The Flower wanted to come so…yeah, I felt safest with the Marilyn pic. Can it be a biopic if it’s only a week long? Would that be a weekopic? A septimanopic? (It sounds cooler in Latin, eh?)
I digress.
This is a fairly pleasant little fantasy pic with Eddie Remayne as the Brit, Colin Clark, who wrote up his little tale in the ‘70s (and again with uncensored parts included in the ’90s). The Flower liked it. The Boy less so.
I liked it more than they did, of course, but there’s a lot of a film geekery that’s totally over their head. Kenneth Branagh hamming it up as Lawrence Olivier. Julia Ormond (looking older than her years) as Vivien Leigh, whose concern is that Larry might not just fool around with Marilyn but get more seriously involved. Emma Watson as the wardrobe-girl-next-door who gets involved with Colin despite her reservations, only to be dropped precipitously in the presence of Marilyn.
Dame Judy Dench adds some character as Dame Sybil Thorndike.

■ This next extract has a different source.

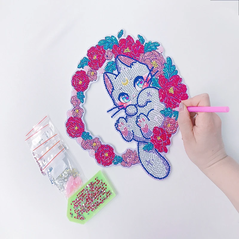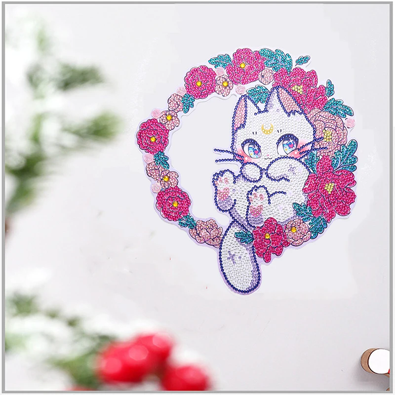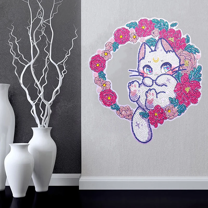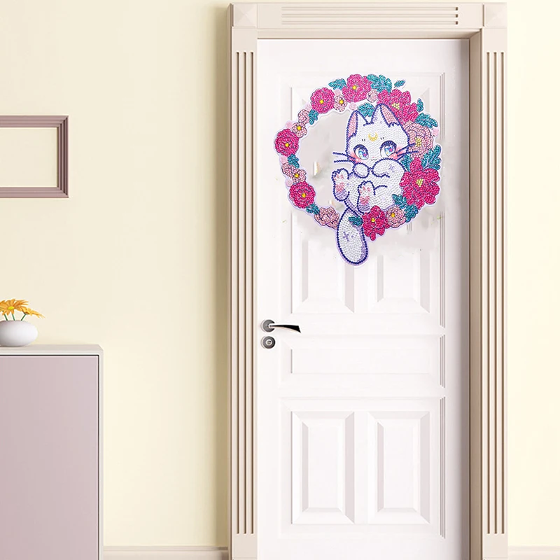 5d DIY модный венок сказочного кота, алмазная живопись, частичное сверло, драгоценности, вышивка крестиком, украшение для стены и окна

As much as I enjoyed her performance, her role, as the kind voice of wisdom, was a little too neat. That’s why I called it a “fantasy pic”. Nothing wrong with that.

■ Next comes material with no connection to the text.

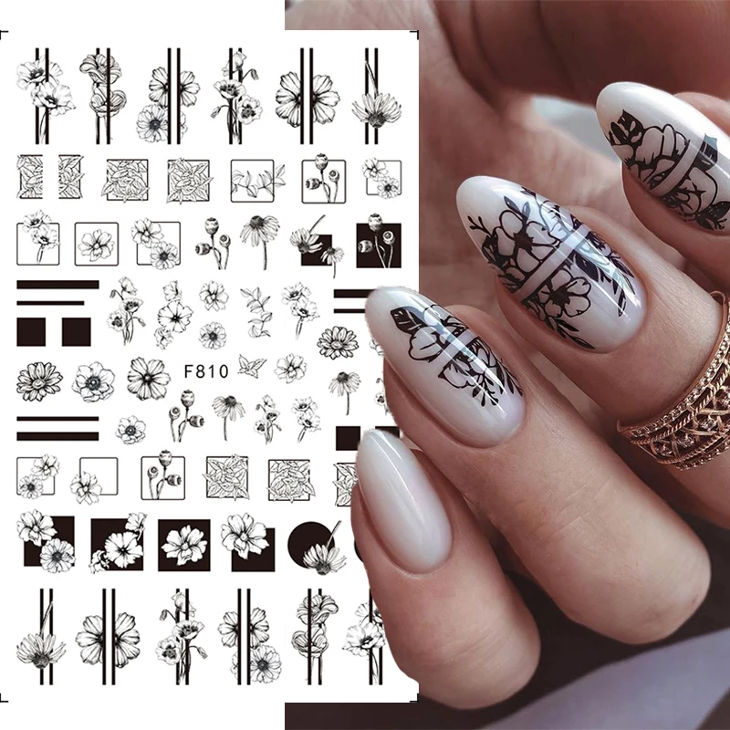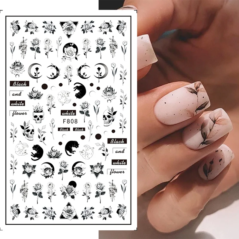 3D наклейки для ногтей, готические весенние черные белые цветы, ман...

Of course, a movie like this rises and falls on Marilyn, or the reasonableness of the facsimile thereof. In this case, we have Michelle Williams, who does a very good job indeed, especially considering how little she looks like Monroe. She gets the mannerisms down, the moves, and she presents a plausible image of the personality behind the icon.
She doesn’t have it, alas. I mean, I’ve never been a fan, particularly, but that Marilyn Monroe had something special is as undeniable as it is opaque. Since I get that she’s supposed to be her, I get a lot of the buzz that probably didn’t seem that clear to the kids. But it’s not like you can CGI that stuff in and the movie does a good job of supporting it.
Overall, it works, much in the mold of other “coming-of-age” type stories. So it was probably the best choice for us at that moment in time.